To spell words as they sound is as much an arbitrary convention as spelling words in line with their etymology. The advantage of etymological spelling is that it is grounded in an _unchanging_ history of the word. The reasons may not always be clear, but spend five minutes digging and an unusual spelling makes sense. With a pronunciation based system, the sounds of words do change across accents - _significantly_ so - and the sounds of words change over time even within a single given accent.

So, really, though it presents an initial obstacle to the lazy speaker, the current system of spelling has the advantage of staying the same no matter how accents change. Your alternative, if standardised, would become obsolete within a matter of years, or would have to be constantly changing in accordance with pronunciation, making slightly older texts illegible.

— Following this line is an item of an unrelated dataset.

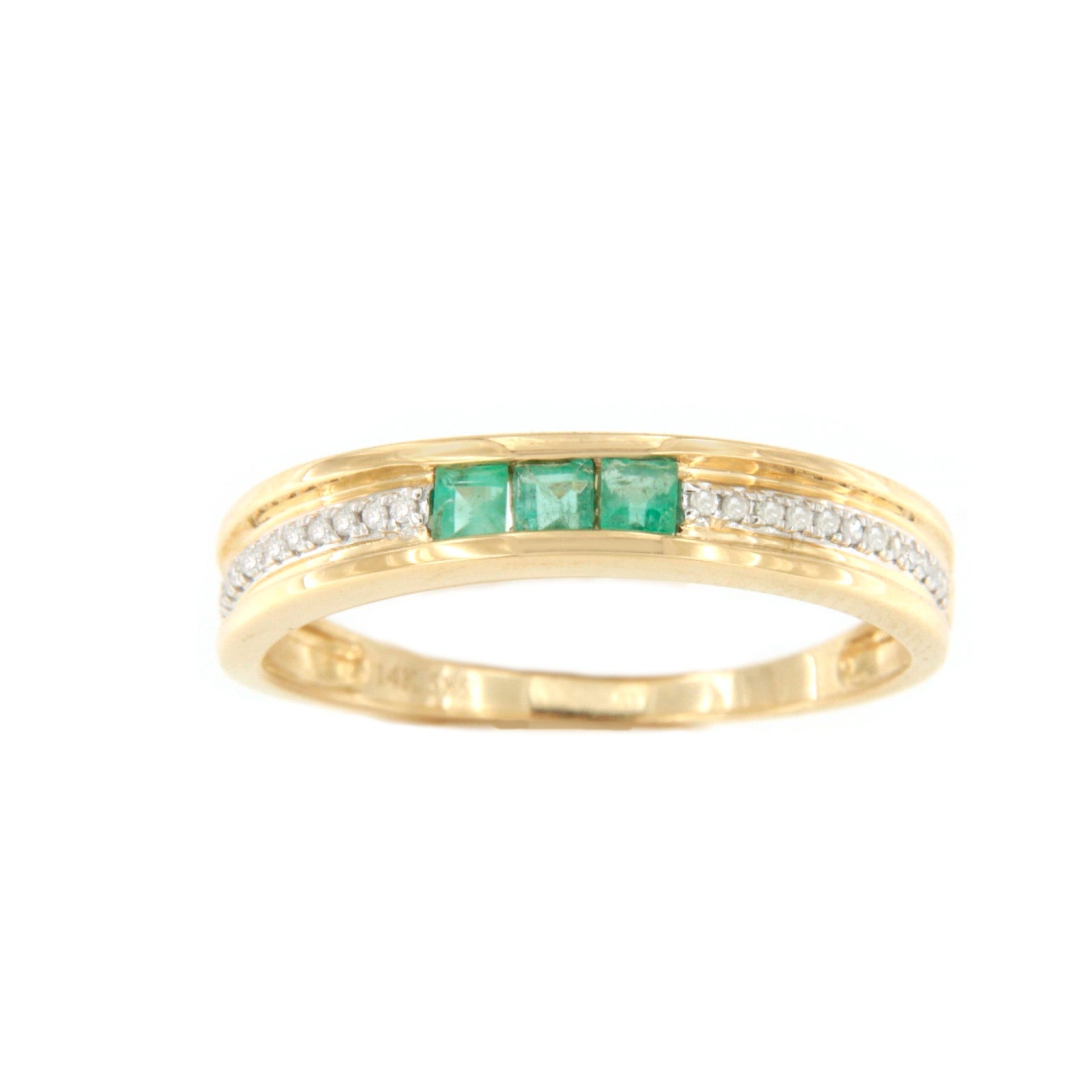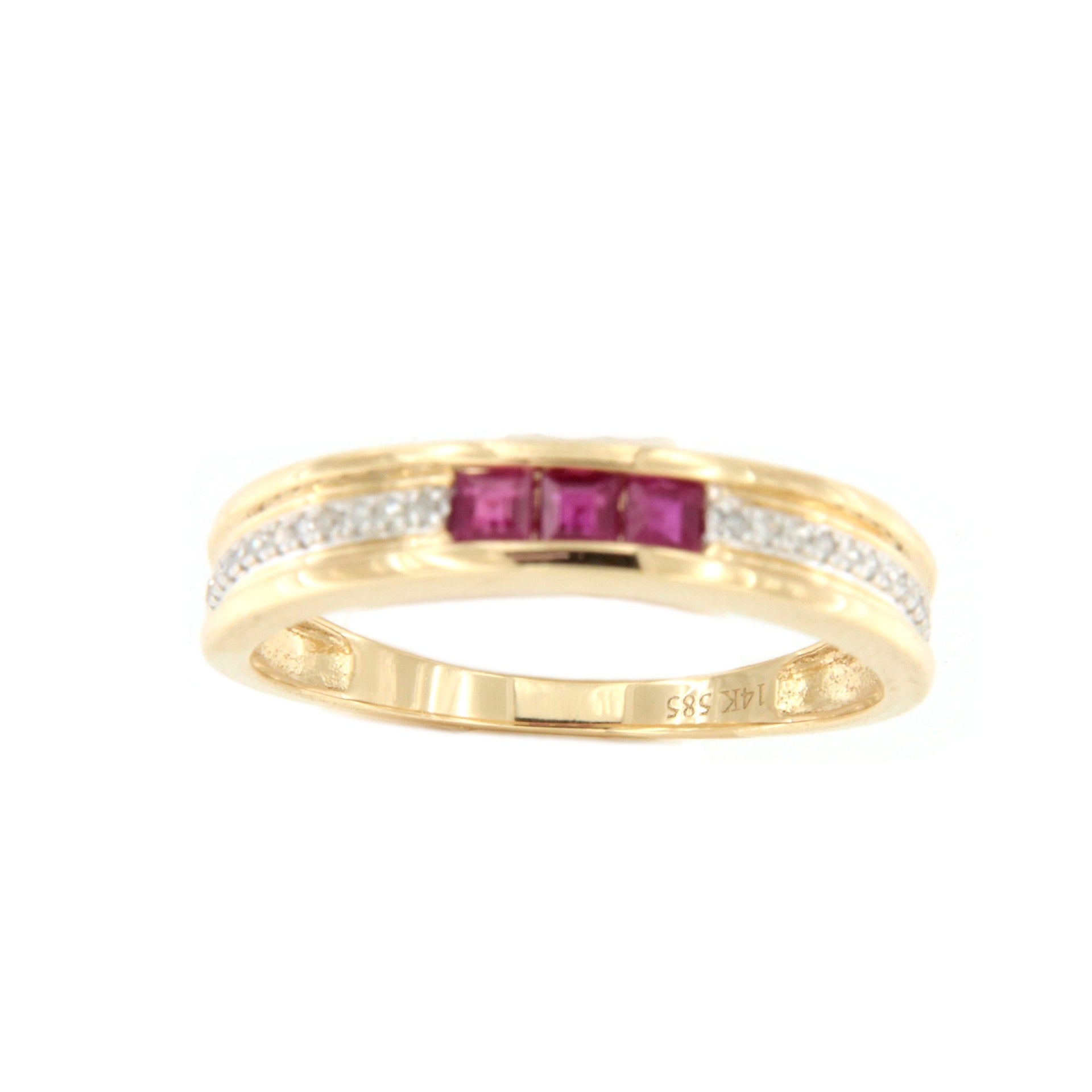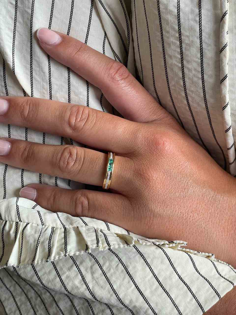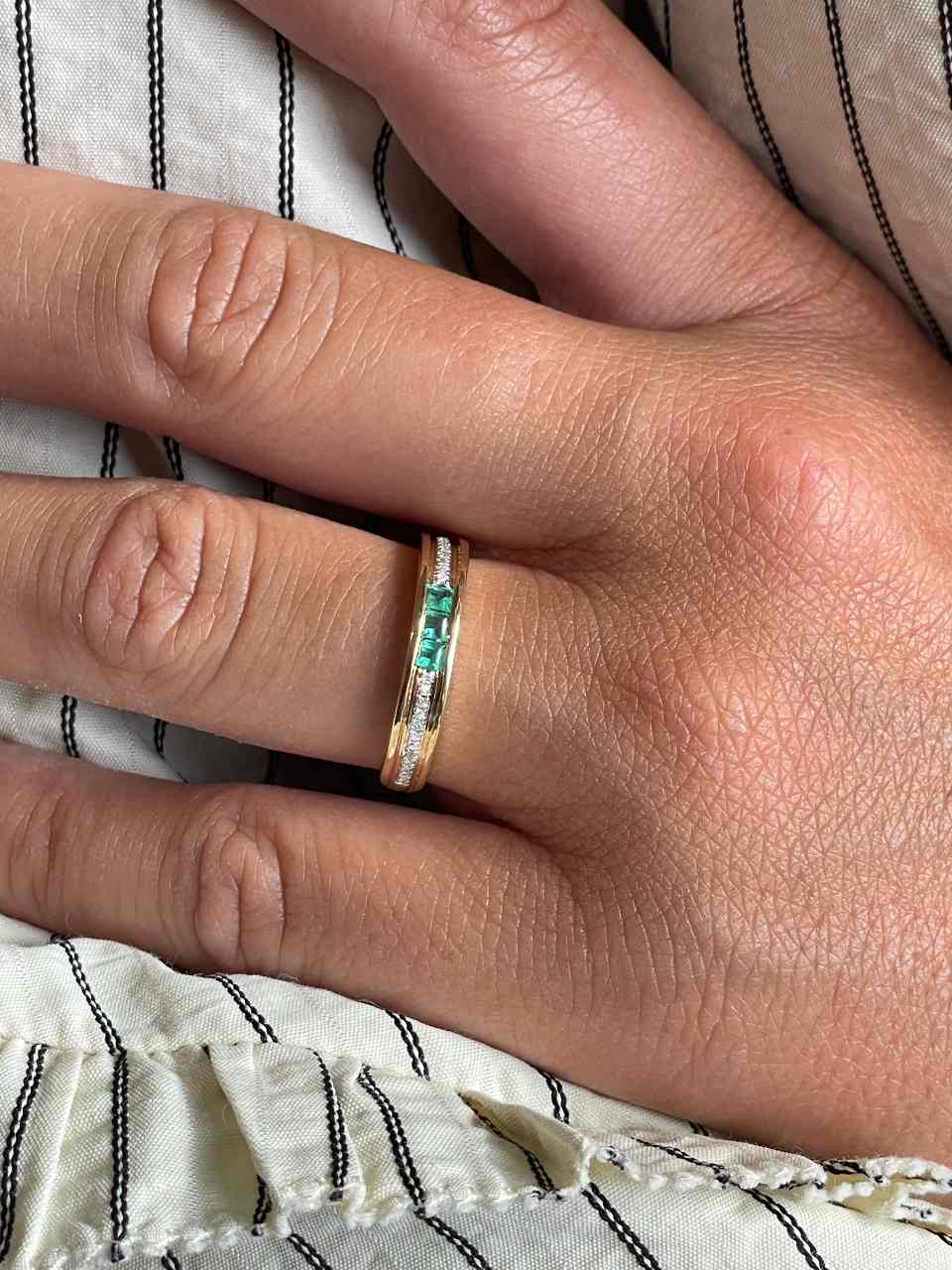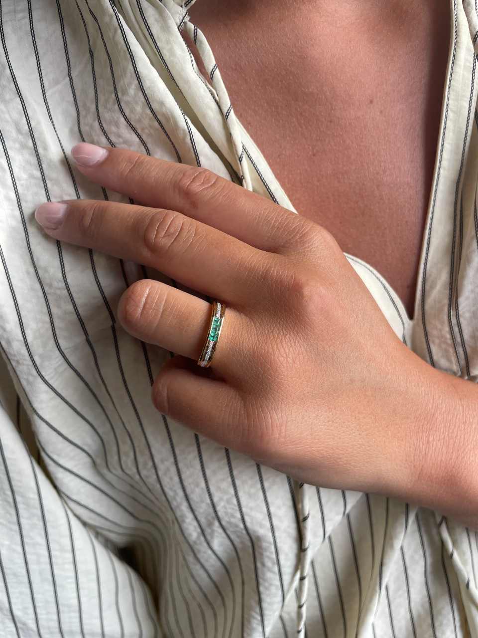 TISARA wedding band with diamonds in 14k yellow gold and rubies/emeralds

I know you're only playing, but people who genuinely argue this rile me.


----------



## sospiro (Apr 3, 2010)

Probably been posted before

spell chequer


----------



## Guest (Jan 14, 2012)

Poledniitse - it's hard tuu argyuu aa kownterfactuual, but I think yuu grooslee ooverestimaat thu problems uv a reeviisd sistem. Kleend up speling sistems seem tuu work wel for senturees baasd on exampuls liik Poolish. Alsoo thu Inglish uv toodaa is far mor homojenus than it was wen kurent speling wuz establishd. Noot alsoo that peepul whuu proonowns Inglish difrentlee duu soo in u faarlee konsistent manur, soo that eeven if thaa wur misproonownsing thu words, thaar speling wuhd often (posh!) bee korekt. Fiinalee, eeven if difrent speekurs spel things difrentlee, yuu wil probablee be aabul to understand them since yuu will bee aabul tuu heer in yor miind whut thaa ar riiting.

Ii alsoo think yuu ooverestimaat booth the los uv etimilojikal informaashun and thu valyuu uv that informaashun. Etimilojikal reelaashunships ar reetaand in spooken az wel az riten form. Az for the valyuu uv thu lost informaashun, what exactlee iz thu valyuu uv thu speling uv "one" "two" or "eight". And how much uv that informaashun wuhd bee lost wuns thu speling wuz "wun" tuu" and "aat". Oonlee triveea wuhd bee lost. Whuu kaars what tiipseturs thot three hundred yeers ugoo? In anee kaas, thoos whoo doo kaar can just studee thu old sistem.

Alsoo doon't underestimaat thu gaans uv a kleener sistem. Tuu much tiim is waasted on lurning speling - partikuularlee for peepul lurning Inglish az u sekond langwaj. Impruuvd speling ruuls wuhd maak Inglish mor aksesibul and thus mor worthee uv its status az u gloobul langwaj.


----------